Don’t trust that he won’t act in his best interest — to go after that half. Cheaters lie. He may tell you he’s willing to settle for what you’re offering, but the truth is in his actions. It doesn’t sound like you have a signed settlement. He may very well be playing dumb and has already seen a lawyer.
In which case, you need to change your tactics. The fact that you haven’t disclosed anything right now is good. Perhaps he fears you will. If that’s the case, and he gets stroppy, you threaten to expose. You ask your lawyer to depose the affair partner. That might light a fire under him. I’m not a lawyer, of course (I’m a chump) — just passing along what has worked for others. Consult with your attorney on this. Your divorce might become a battle you were not expecting — so prepare for all contingencies.
Now, on the in-law issue? That’s simple. Get your divorce settlement and THEN tell. Take out a front page ad in the New York Times if it pleases you. The job of protecting his image isn’t yours any longer.
It may be that the cheating will not matter to your in-laws. Yes, even conservative old people — imagine that. It may also be that his family already knows about the affair to some extent, and he’s already spun that narrative you fear. It could be they’re completely in the dark and will be crushed by the news and take your side — this is unlikely, I’m sorry to say, as blood is usually thicker than water.

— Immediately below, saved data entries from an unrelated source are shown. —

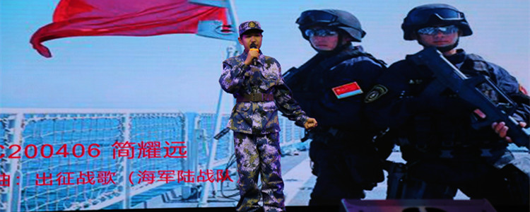 初2004班简耀远满腔热忱的在舞台上演唱了《海军陆战队:出征战歌!》
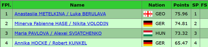 Paare: Titelverteidiger Minerva Fabienne Hase/Nikita Volodin sowie Annika Hocke/Robert Kunkel.
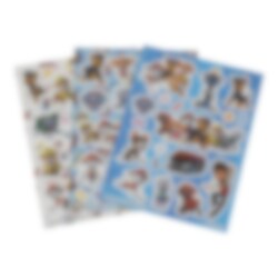 Pakke med over 40 stk. vindusklistremerker som er delt på 4 forskjellige ark og en bakgrunn med Paw Patrol-tema. Lag din helt egen Paw Patrol-scene med disse på vinduet.
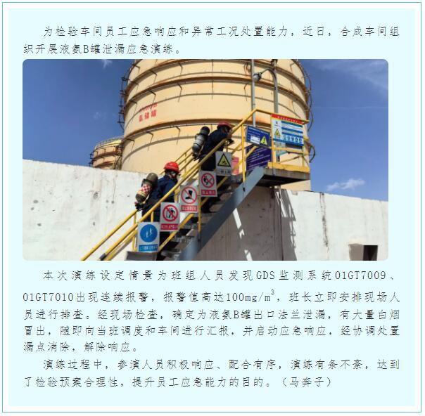 合成車間開展液氨B罐泄漏應(yīng)急演練
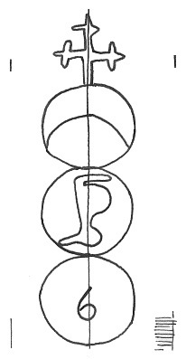 DescripciónTres círculos surmontados por una cruz. En el 1º una media luna, 2º una pierna. 3º número.
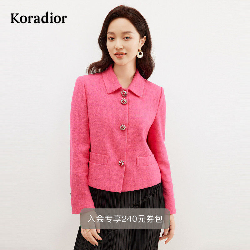JCAESAR WOMEN 系带短款呢大衣 可拆卸垫肩 奥地利羊毛混纺外套
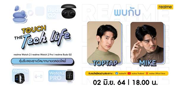 realme แบรนด์สมาร์ทโฟนเพื่อคนรุ่นใหม่ที่เติบโตเร็วที่สุดในโลก เตรียมเปิดประสบการณ์สุดล้ำ กับการเปิดตัวผลิตภัณฑ์ AIoT ในรายการ Touch The Tech Life จาก realme พร้อมด้วยพิธีกร 2 หนุ่มสุดฮอตอย่าง ท็อปแท๊ป-จิรกิตติ์ คูอาริยะกุล และ ไมค์-ชินรัฐ สิริพงษ์ชวลิต ที่จะมาร่วมสร้างสีสัน แนะนำผลิตภัณฑ์และพาลุ้นรับของรางวัลมากมายตลอดไลฟ์
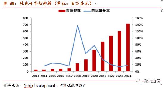 根据咨询公司Yole Development的预测,2013~2024年间,硅光子市场将以38%的年复合增长率迅速发展,高于微电子市场的10%增速,以及光通信行业的15%的增速。2024年,硅光子市场规模将由2013年的不到2500万美元增长至7亿美元。其中,硅光子器件的大规模商用,以及来自大型互联网公司数据中心的需求将使得硅光子市场在2018年迎来爆发。
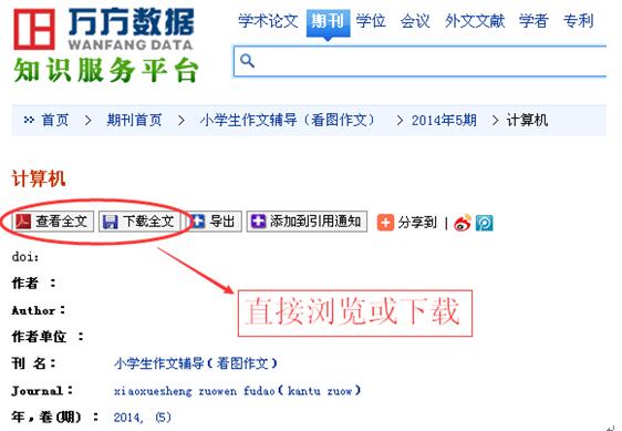 6、如點(diǎn)擊“電子全文”,會(huì)進(jìn)入本館已購(gòu)買的相關(guān)數(shù)據(jù)庫(kù)的文獻(xiàn)詳情頁(yè)面,可以直接瀏覽或下載
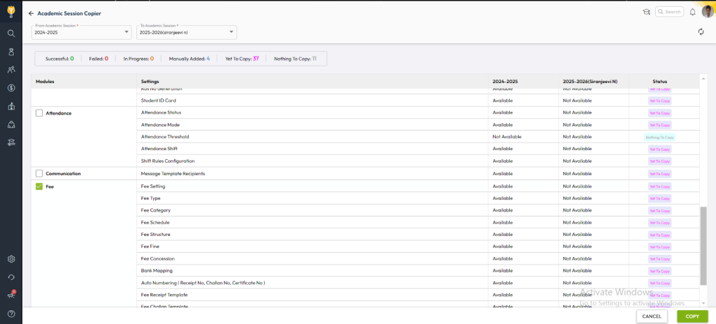 - Navigate to Settings > Administration > School Setup > Academic Session Copier.

The point is, once it’s safe to do so, speak your truth and let go of the consequences. You can’t control how people will react to the news and you can’t control what your ex will say about you. All you can do is live your life with integrity and let them connect the dots, if they choose to. (Many choose not to.)
NBS — you’re ahead of a lot of chumps in that your ex’s sad trajectory is immediately apparent. He’s going to make his Devil’s trade for the affair partner and then she is going to get saddled with Mr. Terminal Illness. Or she’ll be the person his family feared you would be — she’s going to dump him because he’s sick and vulnerable.
Hope he signs that thing. Report back and let us know!